La adaptación de la doctrina positivista en México fue un trabajo difícil y no faltaron ataques ni detractores. Desde su inicio, Gabino Barreda modificó las premisas básicas de Comte. Según el intelectual mexicano Justo Sierra, el positivismo fue un instrumento al servicio de la “burguesía mexicana” en un momento en que la situación creada por la dictadura de Porfirio Díaz conducía implacablemente al deterioro y la caducidad de doctrinas que en su momento parecían la respuesta a todos los problemas nacionales (Zea, 2002).
Todo régimen político suele fincar su legitimidad en una idea o una ideología. El porfiriato no fue la excepción. Desde los primeros meses en el poder, en 1877, Porfirio Díaz fundamentó su gobierno en una filosofía apartada del liberalismo puro, propugnado por los hombres de la Reforma liberal de 1857. Así, se proponía la abolición de los fueros e inmunidades del clero y de la milicia, la desamortización de los bienes raíces de la Iglesia católica, la destrucción del monopolio que la Iglesia ejercía en la educación y la consolidación de la igualdad política y social ante la ley de todos los ciudadanos mexicanos. En pocas palabras, una secularización del país (Krause y Zerón-Medina, 1993).
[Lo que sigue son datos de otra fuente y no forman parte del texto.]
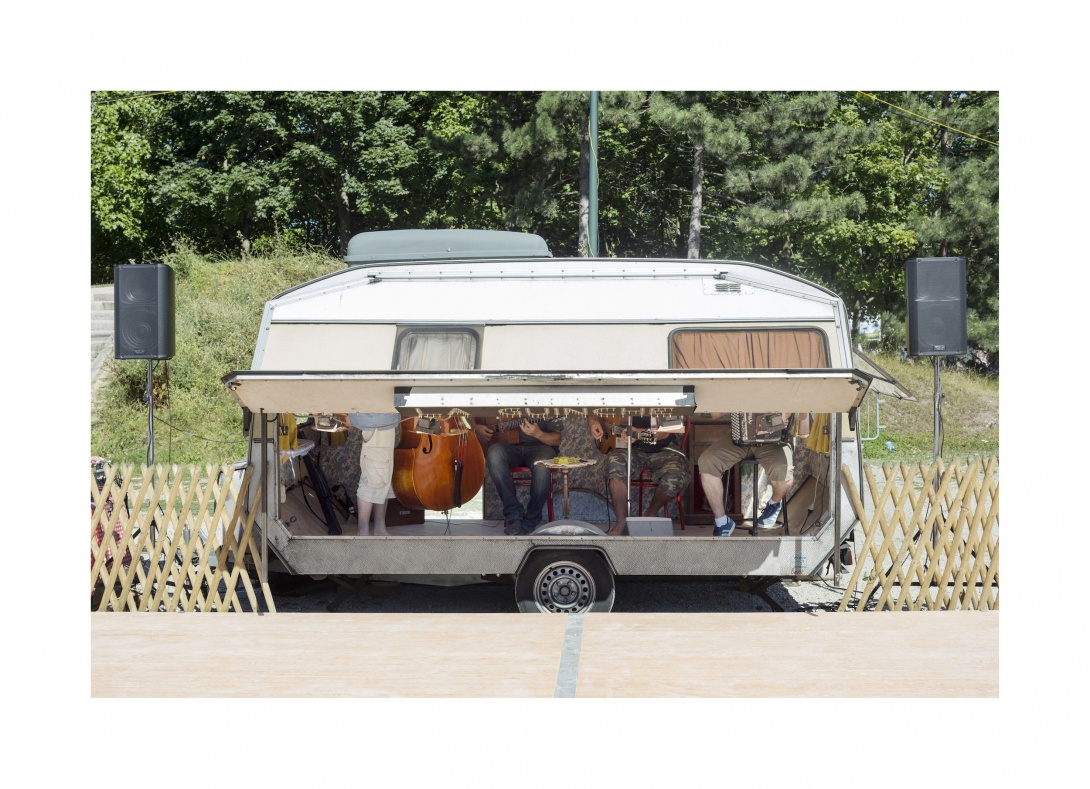 J’adore cette photo prise en plein soleil. Elle va bien avec la température magnifique que nous avons aujourd’hui. Comme à peu près tout ce que je consulte sur le web, à moins que je ne sois à la recherche d’une recette culinaire en particulier, je l’ai découverte par hasard en survolant un article consacré au photographe Martin Kollar qui a été publié sur le site Slate.fr. Au premier regard, mon attention a été attirée par les pieds du musicien qui porte des jeans. Dans mon univers mental, une personne qui appuie ses pieds l’un sur l’autre de cette manière a forcément bon caractère, elle est easy going, sans malice, bonne comme du bon pain, etc. Il est fait mention dans l’article que le photographe Martin Kollar s’est fixé pour projet d’explorer la notion du temporaire. Je me suis fixé pour ma part, et pour ceux qui s’en souviennent, le projet de revisiter les vêtements qui ont jalonné ma vie. On remarquera à quel point je m’attarde peu sur le projet du photographe, happée que je suis par la nécessité de me maintenir cloisonnée dans mes petits projets de rien. L’accordéoniste, à cet égard, porte des chaussures Adidas ! Quand on agrandit la photo, on peut lire, sur le volet incliné de la roulotte, les mots La guinche, qui signifie, je ne le savais pas, bal dansant. C’est bien la preuve –le fait d’avoir appris un mot à l’instant–, qu’il m’est bénéfique de sortir de mes petits projets de rien. Au premier regard encore, la photo m’a fait penser au groupe de musique traditionnelle Le vent du nord que j’ai entendu il y a quelques années au festival Mémoire et racines qui se tient à Joliette. Les quatre musiciens de la photo m’apparaissent bien sages en comparaison des musiciens du Vent du nord qui ne seraient jamais capables, pour l’avoir vu de mes yeux vu, de se tenir à l’étroit dans une maison roulotte, tellement ça déménage quand ils jouent de leurs instruments. Je dirais que le musicien qui déménage le moins, dans le groupe, est celui-là même qui attendait au CLSC et qui était assis à côté de moi lors de ma dernière prise de sang en octobre dernier. Fiou ! Je me relis et je me demande comment les lecteurs vont pouvoir me suivre sans avoir le tournis. Ça va dans tous les sens : de la photo prise en France à mon blogue maintenant Mathalois, de la France à nouveau avec le porteur guinchois de chaussures Adidas aux connaissances limitées que contient mon cerveau, vers le festival joliettain ensuite –qui avait lieu au Club de golf !– à la salle d’attente bondée ce matin-là du CLSC…

El vehículo de difusión de esta nueva propuesta ideológica, de corte positivista, fue un efímero periódico llamado, paradójicamente, La Libertad, fundado por un grupo de jóvenes entre los que se encontraban, entre otros, Justo y Santiago Sierra, Francisco G. Cosmes, Telésforo García y Jorge Hammenken. El nombre del periódico resulta paradójico ya que en realidad su objetivo limitaba la libertad: “Declaramos no comprender la libertad si no es realizada dentro del orden, y somos por eso conservadores; ni el orden si no es el impulso normal hacia el progreso, y somos por tanto liberales”. Formados en la Escuela Nacional Preparatoria (fundada en 1867 por Gabino Barreda), estos jóvenes creían aplicable a la realidad mexicana la doctrina positivista de las tres etapas de la humanidad: la teológica, la metafísica y la positiva. México, país religioso en su origen y metafísico en tiempos de la Reforma de 1857, podía tener acceso a una etapa “positiva” a costa de sacrificar el fanatismo religioso y la libertad. A la postre, la tríada de valores será la divisa de don Porfirio: orden, paz y progreso. Además del positivismo comtiano, los porfiristas utilizaron las teorías evolucionistas de Herbert Spencer y algunos elementos de darwinismo social. Así, Sierra –ideólogo del régimen– pudo sostener que México había conocido tres etapas de evolución a partir de un pasado indígena y colonial casi inerte: “la Independencia, que dio vida a nuestra personalidad nacional; la Reforma, que dio vida a nuestra personalidad social; y la paz (la paz porfiriana), que dio vida a nuestra personalidad internacional” (Krause y Zerón-Medina, 1993).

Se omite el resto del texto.